=== TASK STATEMENT ===
Would you give the listing back word for word once its pictures are removed?

=== COLLECTED DATA ===
* * *

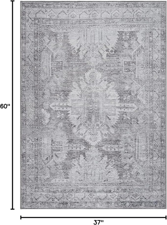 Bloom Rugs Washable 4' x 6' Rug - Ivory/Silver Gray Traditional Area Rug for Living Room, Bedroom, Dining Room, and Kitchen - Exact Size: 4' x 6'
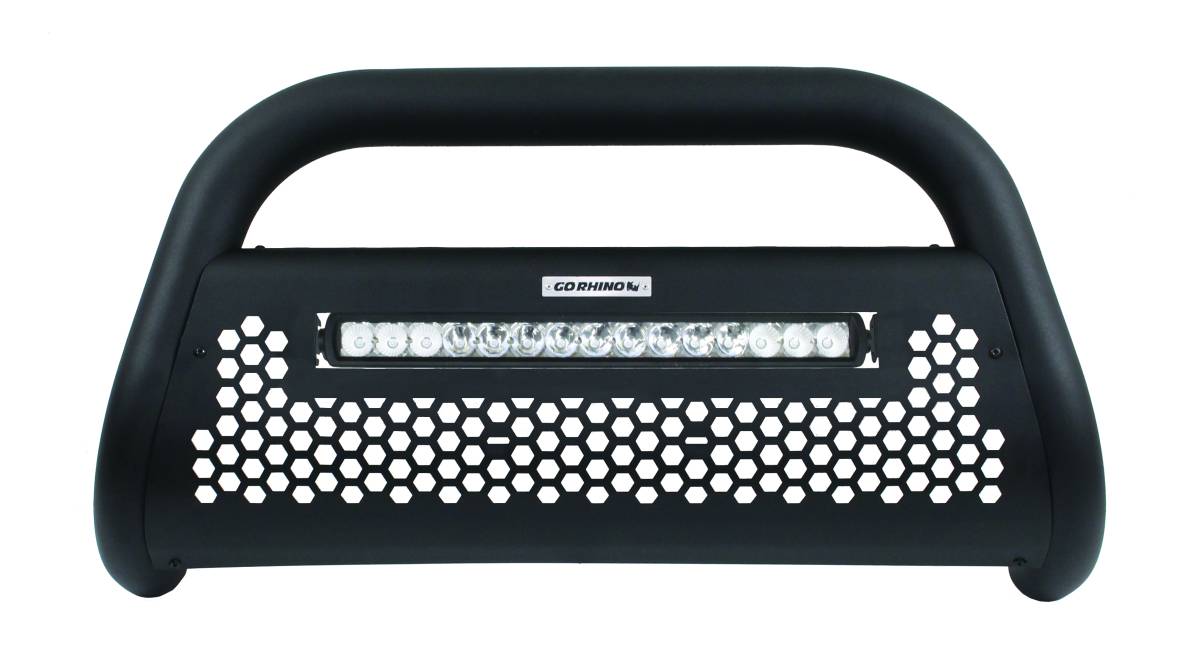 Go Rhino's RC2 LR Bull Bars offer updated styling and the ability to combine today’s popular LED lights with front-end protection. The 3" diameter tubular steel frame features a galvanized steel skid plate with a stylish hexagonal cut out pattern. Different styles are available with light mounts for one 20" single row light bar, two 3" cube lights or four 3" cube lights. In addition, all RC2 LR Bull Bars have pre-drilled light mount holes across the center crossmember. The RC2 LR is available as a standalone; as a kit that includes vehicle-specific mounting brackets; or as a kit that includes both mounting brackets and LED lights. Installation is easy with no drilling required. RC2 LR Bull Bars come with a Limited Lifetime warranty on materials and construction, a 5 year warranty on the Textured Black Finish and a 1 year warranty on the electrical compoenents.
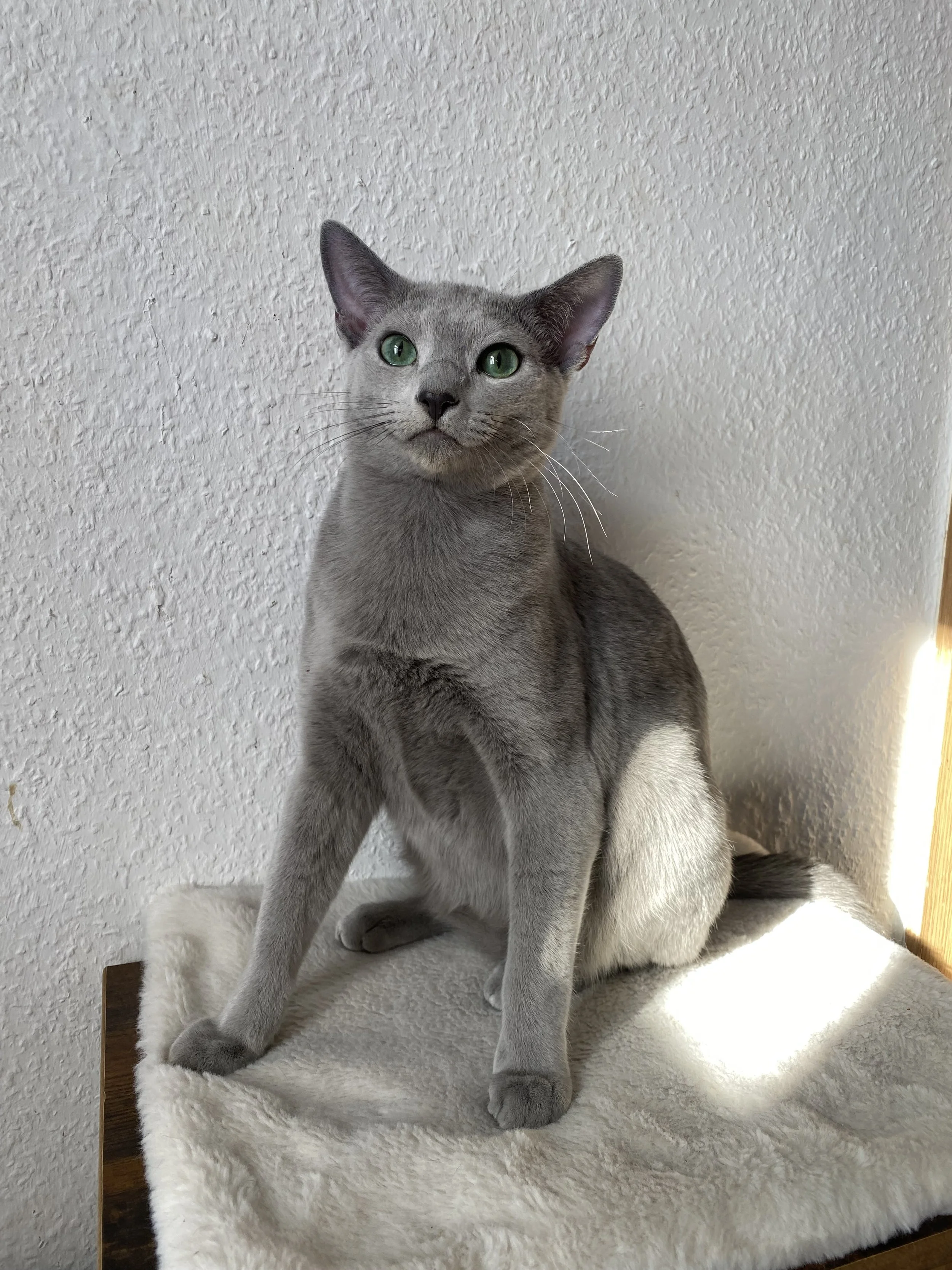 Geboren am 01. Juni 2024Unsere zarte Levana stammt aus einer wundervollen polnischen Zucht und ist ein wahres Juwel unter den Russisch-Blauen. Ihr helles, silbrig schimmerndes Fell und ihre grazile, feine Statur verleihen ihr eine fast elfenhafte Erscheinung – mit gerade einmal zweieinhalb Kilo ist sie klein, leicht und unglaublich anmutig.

* * *

=== ANSWER BOX ===
 Bloom Rugs Washable 4' x 6' Rug - Ivory/Silver Gray Traditional Area Rug for Living Room, Bedroom, Dining Room, and Kitchen - Exact Size: 4' x 6'
 Go Rhino's RC2 LR Bull Bars offer updated styling and the ability to combine today’s popular LED lights with front-end protection. The 3" diameter tubular steel frame features a galvanized steel skid plate with a stylish hexagonal cut out pattern. Different styles are available with light mounts for one 20" single row light bar, two 3" cube lights or four 3" cube lights. In addition, all RC2 LR Bull Bars have pre-drilled light mount holes across the center crossmember. The RC2 LR is available as a standalone; as a kit that includes vehicle-specific mounting brackets; or as a kit that includes both mounting brackets and LED lights. Installation is easy with no drilling required. RC2 LR Bull Bars come with a Limited Lifetime warranty on materials and construction, a 5 year warranty on the Textured Black Finish and a 1 year warranty on the electrical compoenents.
 Geboren am 01. Juni 2024Unsere zarte Levana stammt aus einer wundervollen polnischen Zucht und ist ein wahres Juwel unter den Russisch-Blauen. Ihr helles, silbrig schimmerndes Fell und ihre grazile, feine Statur verleihen ihr eine fast elfenhafte Erscheinung – mit gerade einmal zweieinhalb Kilo ist sie klein, leicht und unglaublich anmutig.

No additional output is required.